**TASK REQUIREMENTS:** Search the data for the word "Ashy" and copy out every line that has it.

**LISTED RECORDS:**
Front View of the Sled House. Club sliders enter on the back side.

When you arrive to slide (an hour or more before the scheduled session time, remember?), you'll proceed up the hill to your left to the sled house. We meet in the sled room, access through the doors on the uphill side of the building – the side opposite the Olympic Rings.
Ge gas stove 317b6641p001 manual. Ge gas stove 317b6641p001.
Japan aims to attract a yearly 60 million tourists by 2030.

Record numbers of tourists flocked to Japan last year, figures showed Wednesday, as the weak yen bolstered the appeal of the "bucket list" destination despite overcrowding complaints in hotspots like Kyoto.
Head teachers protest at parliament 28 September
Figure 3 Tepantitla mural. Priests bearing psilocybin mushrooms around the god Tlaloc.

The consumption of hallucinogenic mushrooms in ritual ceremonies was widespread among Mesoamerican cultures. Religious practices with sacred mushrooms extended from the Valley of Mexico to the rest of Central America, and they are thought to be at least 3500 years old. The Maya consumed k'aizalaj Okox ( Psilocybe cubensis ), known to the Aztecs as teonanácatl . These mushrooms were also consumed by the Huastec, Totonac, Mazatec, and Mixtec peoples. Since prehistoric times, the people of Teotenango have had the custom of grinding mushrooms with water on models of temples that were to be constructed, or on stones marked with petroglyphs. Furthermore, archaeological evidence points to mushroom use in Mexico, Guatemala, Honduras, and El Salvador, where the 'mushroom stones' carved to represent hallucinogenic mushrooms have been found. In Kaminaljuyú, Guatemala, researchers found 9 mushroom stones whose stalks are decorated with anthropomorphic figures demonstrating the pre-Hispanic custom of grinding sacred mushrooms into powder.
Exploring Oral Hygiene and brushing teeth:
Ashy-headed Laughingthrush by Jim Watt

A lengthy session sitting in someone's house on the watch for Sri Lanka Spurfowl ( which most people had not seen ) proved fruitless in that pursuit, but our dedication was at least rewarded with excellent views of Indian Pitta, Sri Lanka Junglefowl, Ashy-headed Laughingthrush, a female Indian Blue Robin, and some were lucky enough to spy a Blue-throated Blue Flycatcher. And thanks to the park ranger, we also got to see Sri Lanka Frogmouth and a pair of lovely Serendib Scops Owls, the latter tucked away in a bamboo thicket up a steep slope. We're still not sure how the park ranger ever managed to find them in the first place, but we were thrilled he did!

==

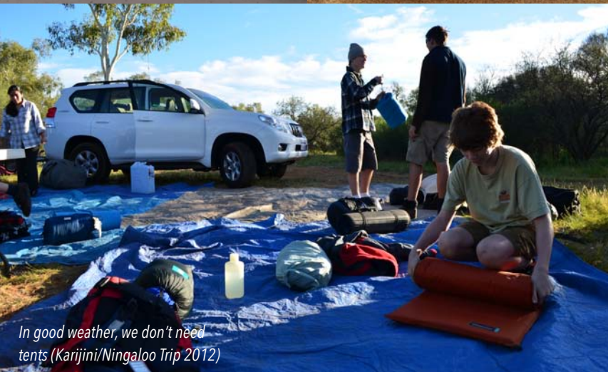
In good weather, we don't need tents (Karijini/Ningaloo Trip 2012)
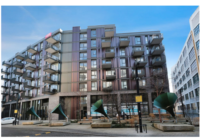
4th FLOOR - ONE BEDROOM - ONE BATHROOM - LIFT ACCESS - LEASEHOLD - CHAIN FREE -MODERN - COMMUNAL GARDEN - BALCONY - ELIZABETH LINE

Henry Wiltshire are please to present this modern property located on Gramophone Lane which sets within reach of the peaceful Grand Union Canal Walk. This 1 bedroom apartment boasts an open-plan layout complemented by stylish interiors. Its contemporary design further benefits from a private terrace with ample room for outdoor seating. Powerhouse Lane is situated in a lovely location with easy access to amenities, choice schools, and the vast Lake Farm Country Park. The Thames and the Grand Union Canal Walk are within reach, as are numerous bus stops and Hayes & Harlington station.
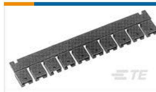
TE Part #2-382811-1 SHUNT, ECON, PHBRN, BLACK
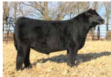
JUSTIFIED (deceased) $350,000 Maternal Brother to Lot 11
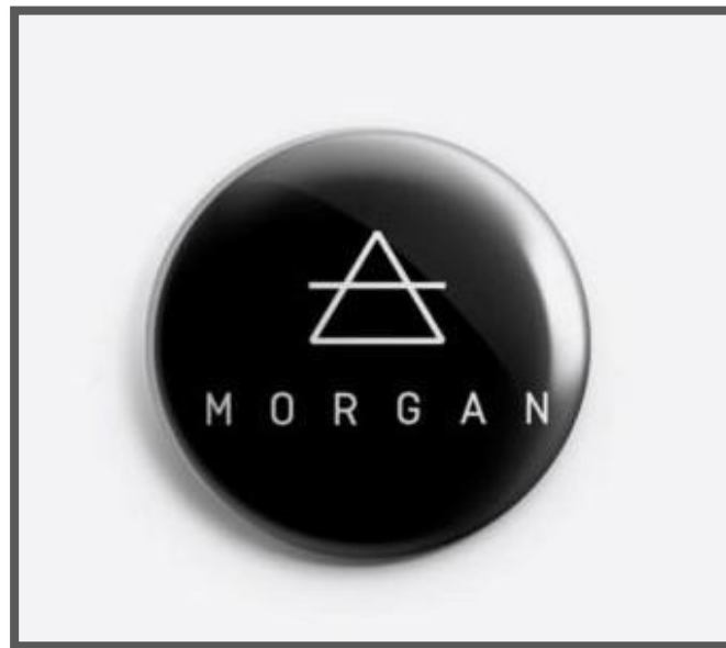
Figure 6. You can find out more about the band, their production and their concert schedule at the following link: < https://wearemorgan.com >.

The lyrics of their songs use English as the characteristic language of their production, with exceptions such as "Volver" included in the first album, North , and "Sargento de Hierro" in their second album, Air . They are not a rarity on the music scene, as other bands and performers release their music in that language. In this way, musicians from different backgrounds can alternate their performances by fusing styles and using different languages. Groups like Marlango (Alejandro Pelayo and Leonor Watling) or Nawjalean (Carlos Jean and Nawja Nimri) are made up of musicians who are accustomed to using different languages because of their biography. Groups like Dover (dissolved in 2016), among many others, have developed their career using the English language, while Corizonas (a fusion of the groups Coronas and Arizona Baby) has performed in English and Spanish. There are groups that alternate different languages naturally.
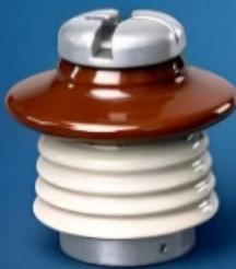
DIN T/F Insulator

* * *

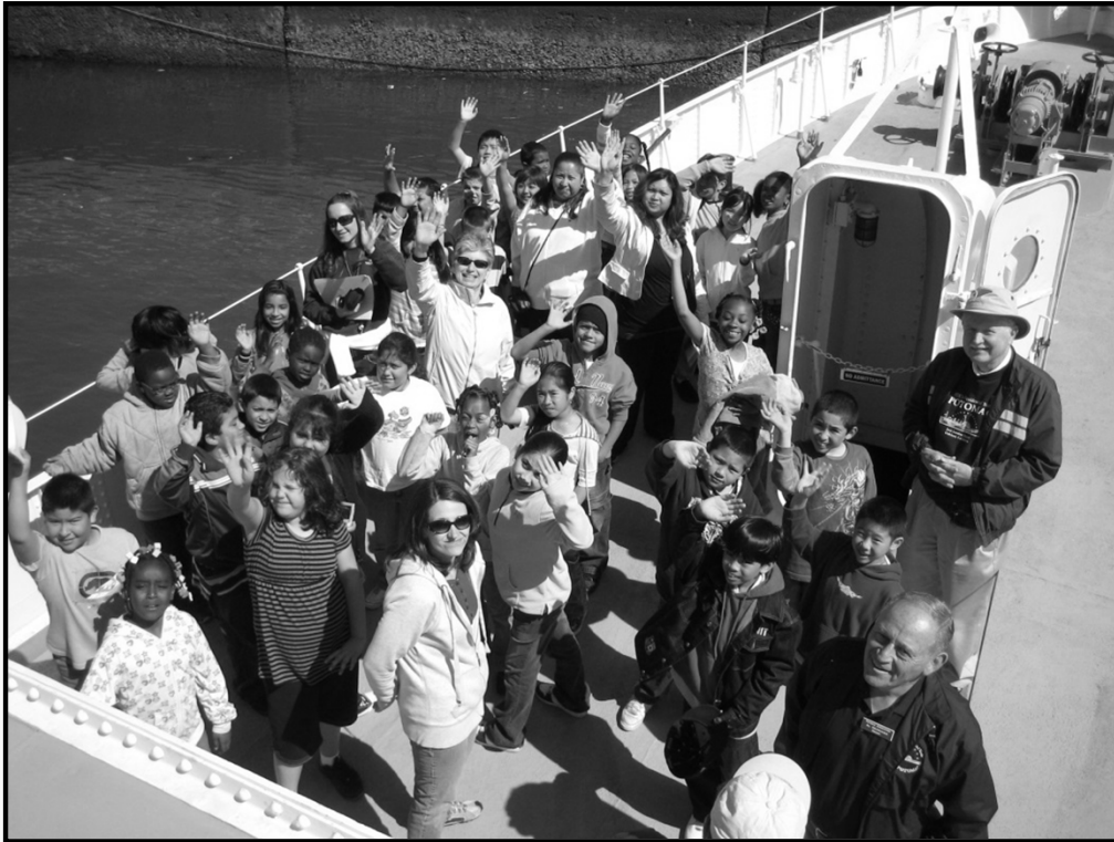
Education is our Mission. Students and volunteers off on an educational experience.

**RESULT:**
Ashy-headed Laughingthrush by Jim Watt
A lengthy session sitting in someone's house on the watch for Sri Lanka Spurfowl ( which most people had not seen ) proved fruitless in that pursuit, but our dedication was at least rewarded with excellent views of Indian Pitta, Sri Lanka Junglefowl, Ashy-headed Laughingthrush, a female Indian Blue Robin, and some were lucky enough to spy a Blue-throated Blue Flycatcher. And thanks to the park ranger, we also got to see Sri Lanka Frogmouth and a pair of lovely Serendib Scops Owls, the latter tucked away in a bamboo thicket up a steep slope. We're still not sure how the park ranger ever managed to find them in the first place, but we were thrilled he did!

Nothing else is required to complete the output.